What you will do: Leave out every picture and set down, exactly, the lines below from the one holding "Колода Bicycle Disney" up to and including the one holding "Зеркальное высококачественное полотно".

Stored items:

-------------------------

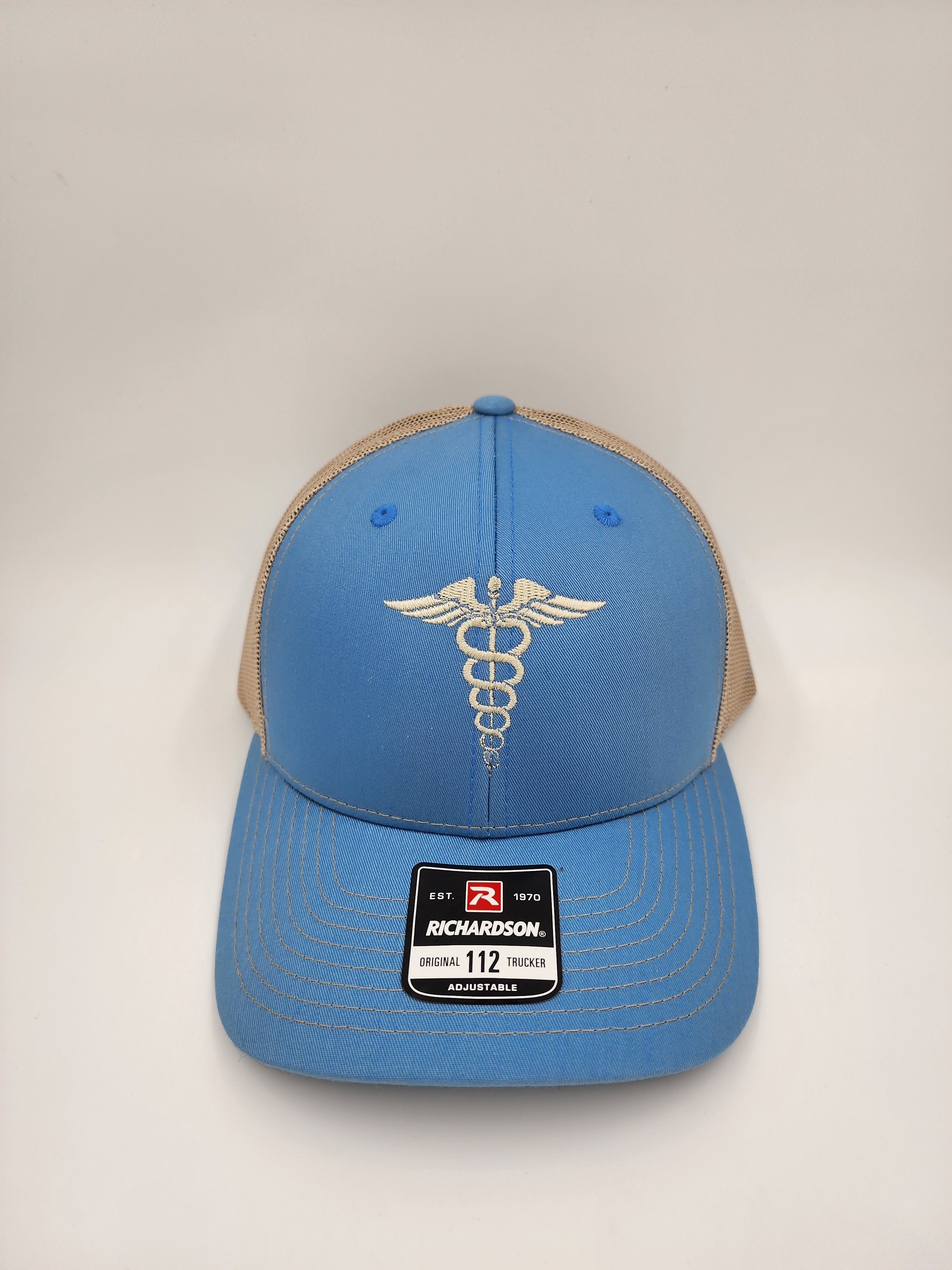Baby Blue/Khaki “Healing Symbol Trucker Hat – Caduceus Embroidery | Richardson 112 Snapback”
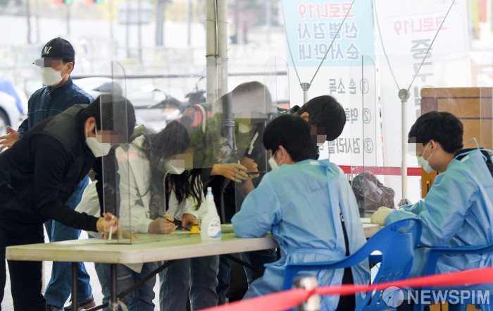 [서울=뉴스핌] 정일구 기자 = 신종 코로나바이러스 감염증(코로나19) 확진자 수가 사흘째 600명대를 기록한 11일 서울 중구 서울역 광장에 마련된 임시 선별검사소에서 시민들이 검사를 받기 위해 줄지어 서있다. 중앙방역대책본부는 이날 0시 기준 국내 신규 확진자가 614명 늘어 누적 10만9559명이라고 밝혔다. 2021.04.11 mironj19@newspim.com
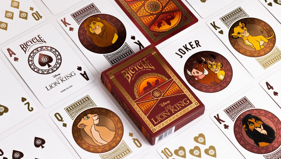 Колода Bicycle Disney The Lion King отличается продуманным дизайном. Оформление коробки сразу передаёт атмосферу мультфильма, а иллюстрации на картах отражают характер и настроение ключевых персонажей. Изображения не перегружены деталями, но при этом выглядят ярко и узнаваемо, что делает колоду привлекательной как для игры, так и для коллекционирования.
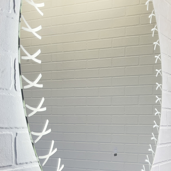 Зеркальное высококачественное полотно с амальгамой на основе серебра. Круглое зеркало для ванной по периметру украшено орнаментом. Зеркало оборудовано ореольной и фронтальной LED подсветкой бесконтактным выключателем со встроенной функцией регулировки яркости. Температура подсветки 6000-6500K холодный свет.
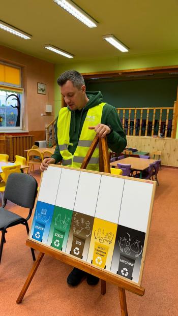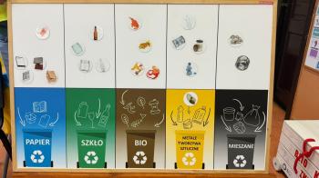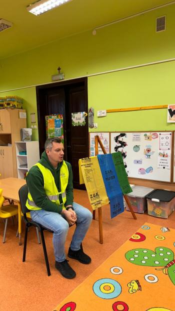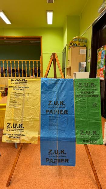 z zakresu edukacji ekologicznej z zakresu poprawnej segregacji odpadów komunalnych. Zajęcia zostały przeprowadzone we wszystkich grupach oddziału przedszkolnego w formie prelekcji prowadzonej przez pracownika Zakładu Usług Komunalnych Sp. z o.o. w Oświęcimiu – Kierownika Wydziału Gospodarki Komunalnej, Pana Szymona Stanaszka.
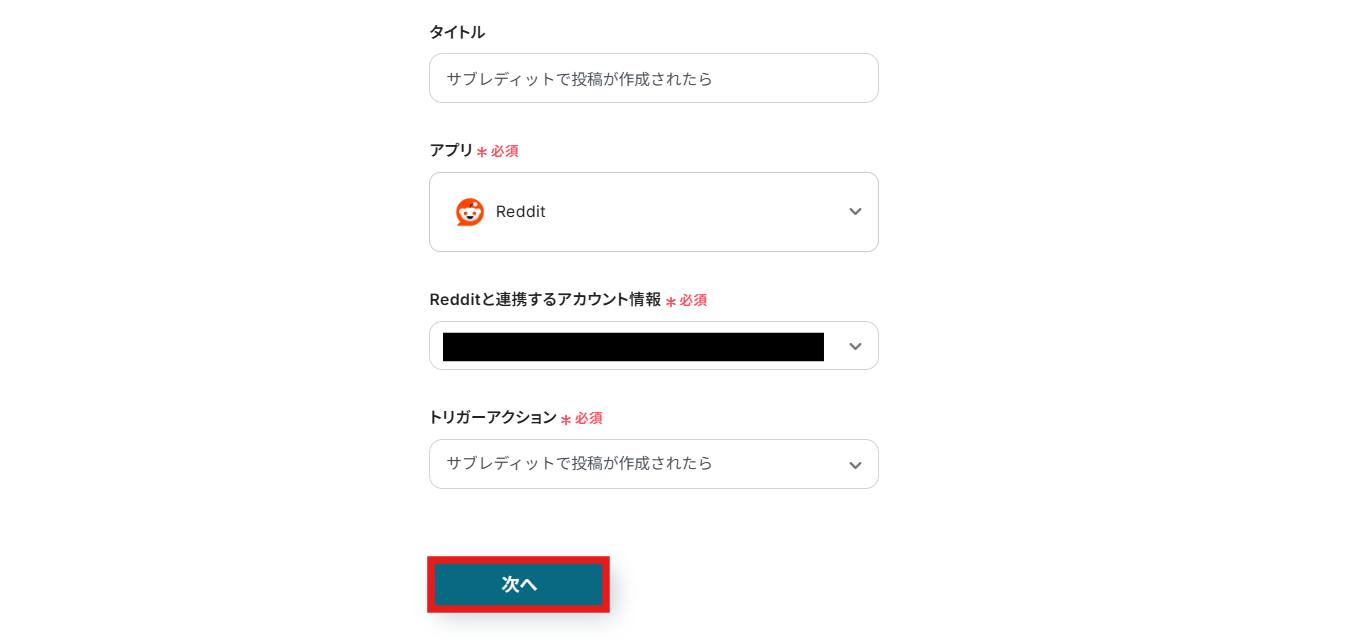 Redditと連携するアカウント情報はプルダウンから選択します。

-------------------------

Solved exercise:
 Колода Bicycle Disney The Lion King отличается продуманным дизайном. Оформление коробки сразу передаёт атмосферу мультфильма, а иллюстрации на картах отражают характер и настроение ключевых персонажей. Изображения не перегружены деталями, но при этом выглядят ярко и узнаваемо, что делает колоду привлекательной как для игры, так и для коллекционирования.
 Зеркальное высококачественное полотно с амальгамой на основе серебра. Круглое зеркало для ванной по периметру украшено орнаментом. Зеркало оборудовано ореольной и фронтальной LED подсветкой бесконтактным выключателем со встроенной функцией регулировки яркости. Температура подсветки 6000-6500K холодный свет.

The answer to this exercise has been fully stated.